BUSINESS
Exhibiting sharp volatility ahead of the futures and option expiry of September series later this week, key domestic share benchmark indices retreated sharply on Tuesday, tracking weak global stock markets, with weak economic readings from Europe coupled with slowing foreign fund inflows weighing on the sentiment, said dealers. Markets corrected sharply as heaving selling by foreign institutional investors (FIIs) dragged indices nearly 1.6% as the recent upsurge provided a ground for investors to book profit.
FIIs sold equities worth Rs 1,185.17 crore while domestic institutions remained net buyers at Rs 325.70 crore, according to the provisional data released by the exchange. The BSE-30 Sensex closed at 26775.69 or 431.05 lower from previous close while the CNX Nifty ended 128.75 points lower at 8017.55.
Other Asian gauges such as Nikkie and Hang Seng ended nearly 0.5-1% lower, while key European indices such as FTSE, CAC and DAX were down more than 1% as the trading was in progress.
Investors turned cautious and resorted to profit-taking in key heavyweights after data from Europe showed Germany's Manufacturing PMI slumping to 50.3, its lowest reading since June 2013. The survey also showed economic activity in France contracting in September after posting growth in the previous two months.
Amar Ambani, head of Research at IIFL said, "Going ahead, we expect market to remain highly volatile ahead of the F&O expiry which is on Thursday. Sentiment will also be affected due to the ongoing geopolitical uncertainty and global factors. However, overall trend continues to be bullish, near term support for the Nifty placed at 7950 levels."
Dealers said the markets have been on an upward journey despite poor economic data like high inflation, dismal industrial growth and the June quarter earnings that did not warrant such an uptick.
"There is a strong resistance at 8250 for want of news," said a dealer at a brokerage. "From 7569 on August 8 there has been a 500-point run without any major policy announcements or economic news. The markets therefore had to see some profit-booking," he added.
Most market participants also attributed the fall to geopolitical tensions in Iraq, Syria and Ukraine. The US air strikes in Syria and poor numbers from euro zone also contributed to the fall.
"The upward momentum has now given way to the inevitable correction. The trend could last for a couple of days, though with lower intensity," said Arun Kejriwal of Kejriwal Research.
Most participants expect Nifty to be supported around 8000 levels. But to pierce 8250, they said the news flow has to be massive and positive.
Of the 50 stocks on Nifty, 44 were losers while six advanced. Major losers were DLF at Rs 155.45 lost 6.75%, Cipla 586.20 (4.36%), Tata Motors Rs 518.75 (3.94%) and Tata Steel Rs 483.65 (3.44%).
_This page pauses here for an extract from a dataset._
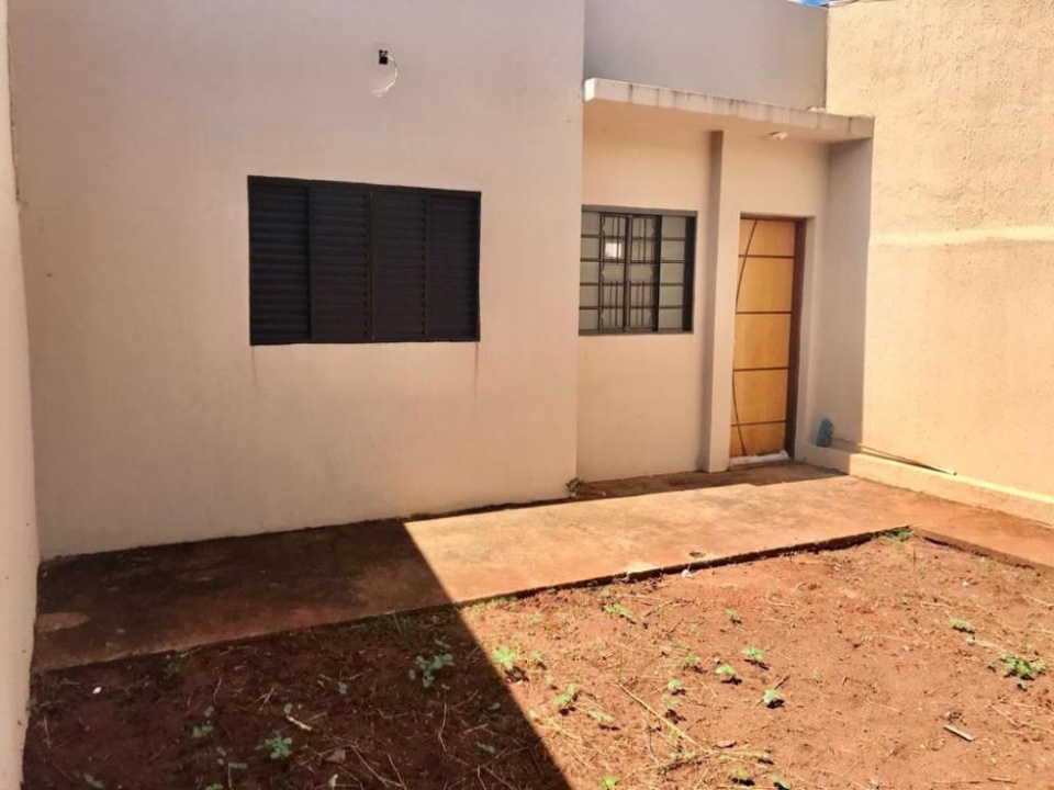 Vendo casa nova na cidade de Três Lagoas com piso em cerâmica, laje, dois quartos, banheiro, sala e cozinha conjugados, lavanderia nos fundos, garagem para dois carros, cerca elétrica e poço artesiano.

Prominent gainers in Nifty were technology stocks like HCL Tech, Wipro and Tech Mahindra at Rs 1720 (1.22%), Rs 585.55 (0.70%) and Rs 2,472 (0.11%) respectively.
For the next one week, the markets will closely monitor the outcome of Prime Minister, Narendra Modi's US visit, GDP numbers, inflation data and the Reserve Bank of India's monetary policy review on September 30 for a direction. Most players said the upward trend could resume after some consolidation between 7850 and 8000 levels.